- [EXERCISE INSTRUCTIONS]:
Could you restate the data word for word and drop the pictures?
━━━━━ AVAILABLE DATA
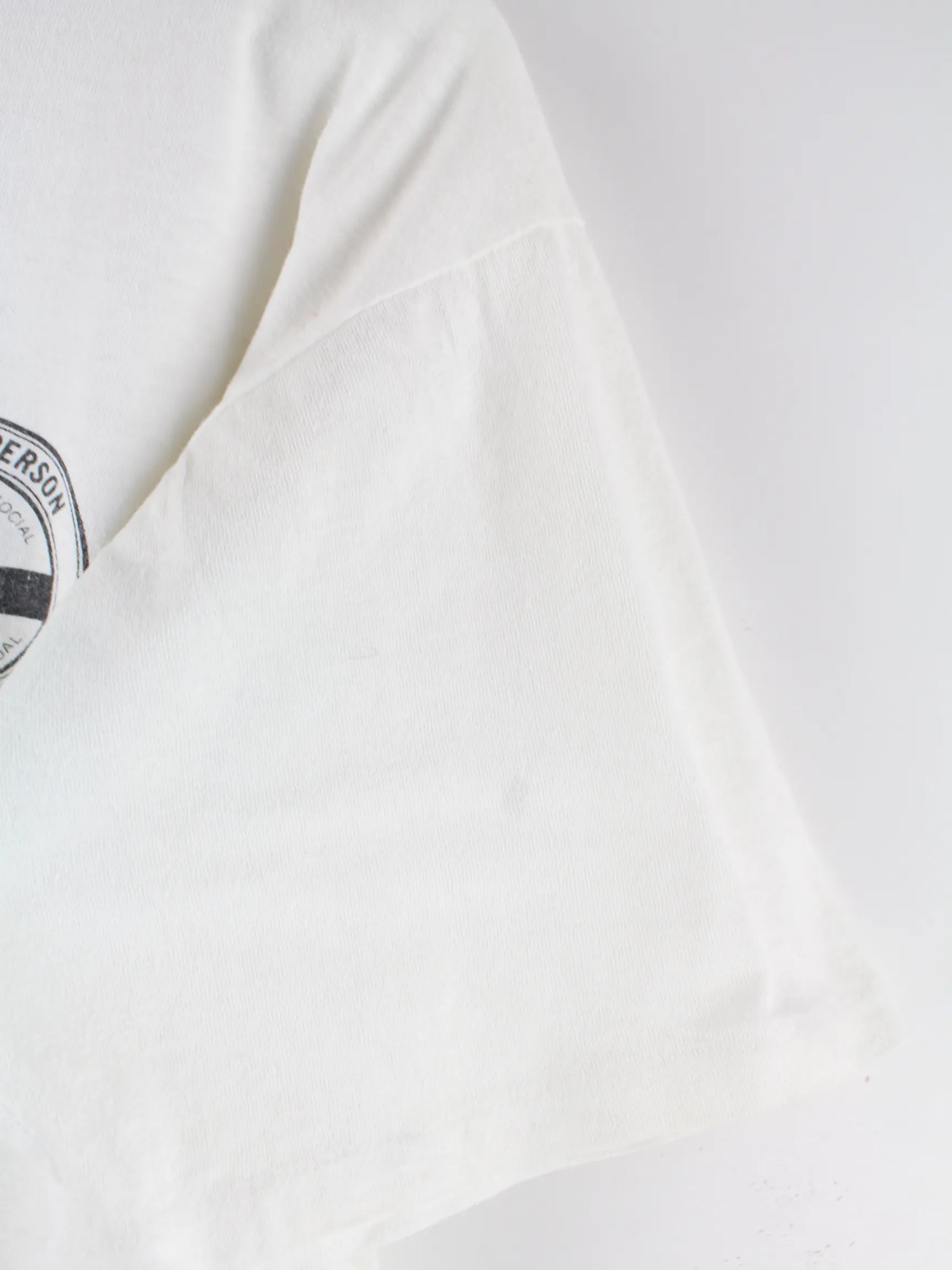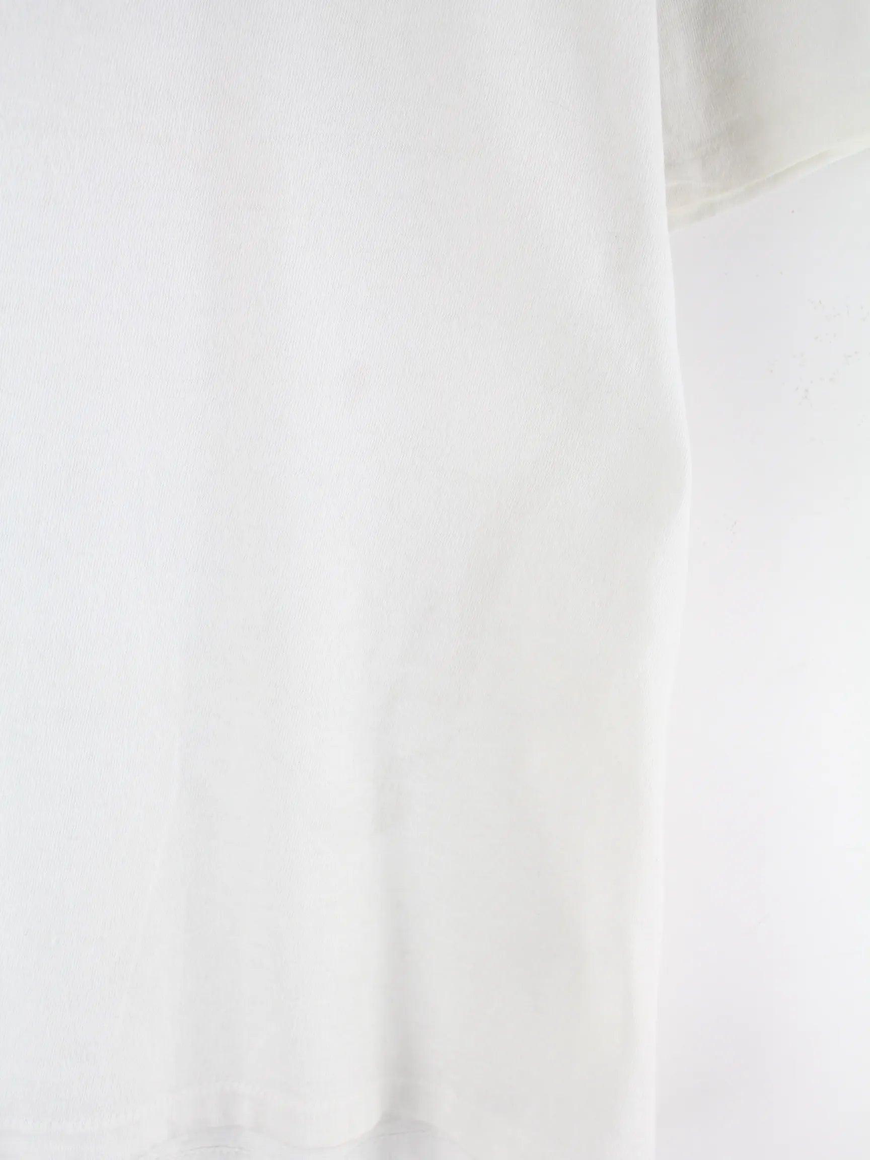 Vintage T-Shirt in Größe L. Es ist aus einer Baumwollmischung gemacht und in Weiß bei uns zu bekommen. Mit chiquem Family Print.
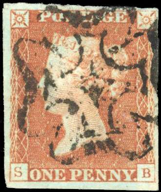 1841 1d Red-brown Pl. . Used four margin example (SB) cancelled by a well struck distinctive Channel Islands MC. Scarce cancellation. Spec. B1(1)te. Cat £7500.
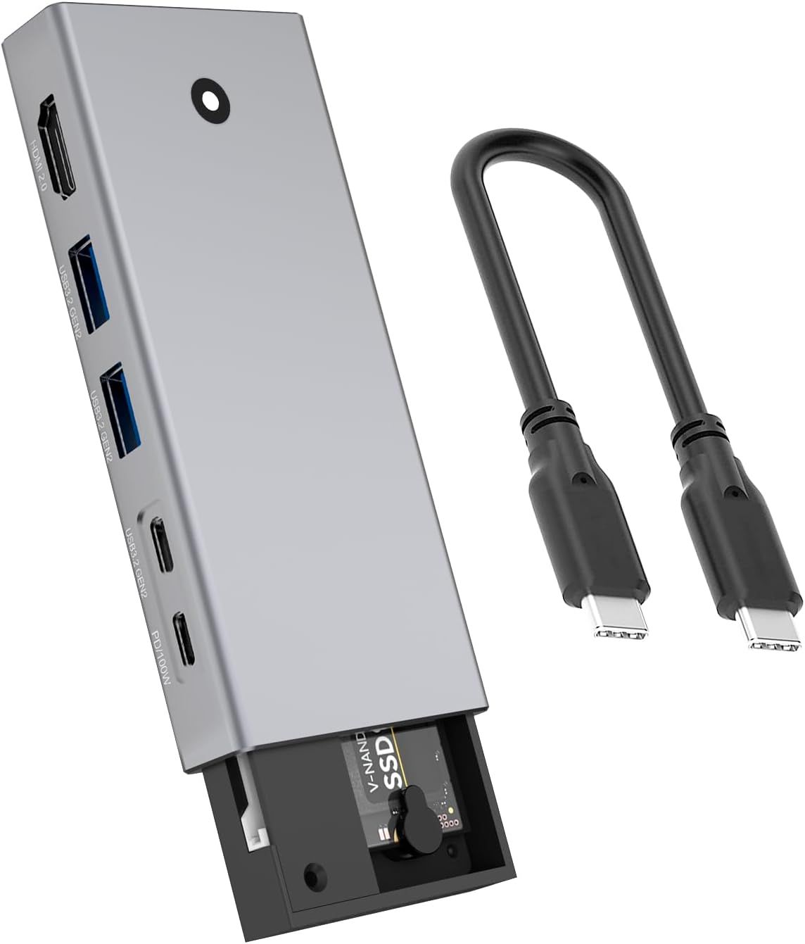 ZoraVson Boîtier SSD M2 NVME Station d'accueil avec USB C Hub 5en1, Adaptateur USB M.2, 10Gpbs USB 3.2 Gen2 M.2 NVMe et SATA SSD Adaptateur, Chargeur Rapide PD 100W, HDMI 4K@60Hz, Aluminium
━━━━━━━━━━
- [ANSWER TO THIS PROBLEM]:
 Vintage T-Shirt in Größe L. Es ist aus einer Baumwollmischung gemacht und in Weiß bei uns zu bekommen. Mit chiquem Family Print.
 1841 1d Red-brown Pl. . Used four margin example (SB) cancelled by a well struck distinctive Channel Islands MC. Scarce cancellation. Spec. B1(1)te. Cat £7500.
 ZoraVson Boîtier SSD M2 NVME Station d'accueil avec USB C Hub 5en1, Adaptateur USB M.2, 10Gpbs USB 3.2 Gen2 M.2 NVMe et SATA SSD Adaptateur, Chargeur Rapide PD 100W, HDMI 4K@60Hz, Aluminium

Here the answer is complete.